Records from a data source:
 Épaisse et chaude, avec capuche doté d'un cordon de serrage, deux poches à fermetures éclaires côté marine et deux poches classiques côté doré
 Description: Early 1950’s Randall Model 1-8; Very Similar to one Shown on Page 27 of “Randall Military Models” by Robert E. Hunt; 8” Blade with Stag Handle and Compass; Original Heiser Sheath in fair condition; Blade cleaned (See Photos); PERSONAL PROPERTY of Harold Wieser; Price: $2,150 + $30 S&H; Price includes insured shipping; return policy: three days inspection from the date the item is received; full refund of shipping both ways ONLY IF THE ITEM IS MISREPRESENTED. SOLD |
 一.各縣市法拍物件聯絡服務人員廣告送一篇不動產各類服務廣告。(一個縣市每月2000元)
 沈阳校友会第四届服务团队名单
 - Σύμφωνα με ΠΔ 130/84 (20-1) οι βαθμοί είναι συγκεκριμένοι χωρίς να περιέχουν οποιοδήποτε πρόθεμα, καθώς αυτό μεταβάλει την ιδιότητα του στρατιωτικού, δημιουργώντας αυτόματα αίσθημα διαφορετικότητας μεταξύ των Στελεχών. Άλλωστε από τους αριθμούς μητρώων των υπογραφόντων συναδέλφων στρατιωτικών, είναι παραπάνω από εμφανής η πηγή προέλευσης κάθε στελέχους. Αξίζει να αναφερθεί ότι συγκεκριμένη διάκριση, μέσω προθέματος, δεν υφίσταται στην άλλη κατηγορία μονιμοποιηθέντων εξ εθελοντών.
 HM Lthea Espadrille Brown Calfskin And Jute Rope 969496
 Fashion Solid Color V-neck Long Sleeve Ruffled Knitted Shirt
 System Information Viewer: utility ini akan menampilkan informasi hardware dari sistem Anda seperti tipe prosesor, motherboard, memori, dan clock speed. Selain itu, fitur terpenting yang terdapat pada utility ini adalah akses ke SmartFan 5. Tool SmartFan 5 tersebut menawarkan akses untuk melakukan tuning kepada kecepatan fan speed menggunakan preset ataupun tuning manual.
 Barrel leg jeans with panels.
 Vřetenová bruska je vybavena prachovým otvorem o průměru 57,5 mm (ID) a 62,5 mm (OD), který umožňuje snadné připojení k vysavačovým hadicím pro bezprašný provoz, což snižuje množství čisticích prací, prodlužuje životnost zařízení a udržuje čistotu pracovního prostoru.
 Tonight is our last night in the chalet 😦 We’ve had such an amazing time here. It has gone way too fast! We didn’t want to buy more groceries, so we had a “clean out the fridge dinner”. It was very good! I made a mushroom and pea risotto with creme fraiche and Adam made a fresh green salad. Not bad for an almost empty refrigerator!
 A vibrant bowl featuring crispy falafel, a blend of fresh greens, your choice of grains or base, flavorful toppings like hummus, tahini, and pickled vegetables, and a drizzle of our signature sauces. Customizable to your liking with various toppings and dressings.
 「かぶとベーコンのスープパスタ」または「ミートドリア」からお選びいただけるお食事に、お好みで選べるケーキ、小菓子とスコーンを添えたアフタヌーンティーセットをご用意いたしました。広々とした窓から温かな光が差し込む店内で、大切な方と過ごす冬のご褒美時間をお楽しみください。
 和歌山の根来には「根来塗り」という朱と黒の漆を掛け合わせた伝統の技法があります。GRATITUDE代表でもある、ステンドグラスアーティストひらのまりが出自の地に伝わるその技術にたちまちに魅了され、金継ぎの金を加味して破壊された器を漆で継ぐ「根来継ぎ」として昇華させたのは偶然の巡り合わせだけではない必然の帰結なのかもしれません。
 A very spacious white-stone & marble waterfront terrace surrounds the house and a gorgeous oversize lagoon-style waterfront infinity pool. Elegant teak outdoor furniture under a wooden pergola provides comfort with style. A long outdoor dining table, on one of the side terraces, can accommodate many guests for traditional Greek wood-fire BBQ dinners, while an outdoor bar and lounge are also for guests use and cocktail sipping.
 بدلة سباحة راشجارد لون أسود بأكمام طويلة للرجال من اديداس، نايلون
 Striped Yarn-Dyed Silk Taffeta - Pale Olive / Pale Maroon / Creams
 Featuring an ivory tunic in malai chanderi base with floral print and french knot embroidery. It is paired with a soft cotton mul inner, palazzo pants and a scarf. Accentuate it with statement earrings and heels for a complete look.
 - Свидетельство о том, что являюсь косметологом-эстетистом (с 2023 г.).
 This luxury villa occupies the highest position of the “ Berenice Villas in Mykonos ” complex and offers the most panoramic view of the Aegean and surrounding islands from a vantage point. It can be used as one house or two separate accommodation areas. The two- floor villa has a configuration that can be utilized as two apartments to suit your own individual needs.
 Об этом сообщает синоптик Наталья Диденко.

* **What the exercise asks**
Please transcribe exactly the lines above from the line that has "Description: Early 1950’s" up to and including the line that has "沈阳校友会第四届服务团队名单"; no other line belongs in the answer.

* **Task output**
 Description: Early 1950’s Randall Model 1-8; Very Similar to one Shown on Page 27 of “Randall Military Models” by Robert E. Hunt; 8” Blade with Stag Handle and Compass; Original Heiser Sheath in fair condition; Blade cleaned (See Photos); PERSONAL PROPERTY of Harold Wieser; Price: $2,150 + $30 S&H; Price includes insured shipping; return policy: three days inspection from the date the item is received; full refund of shipping both ways ONLY IF THE ITEM IS MISREPRESENTED. SOLD |
 一.各縣市法拍物件聯絡服務人員廣告送一篇不動產各類服務廣告。(一個縣市每月2000元)
 沈阳校友会第四届服务团队名单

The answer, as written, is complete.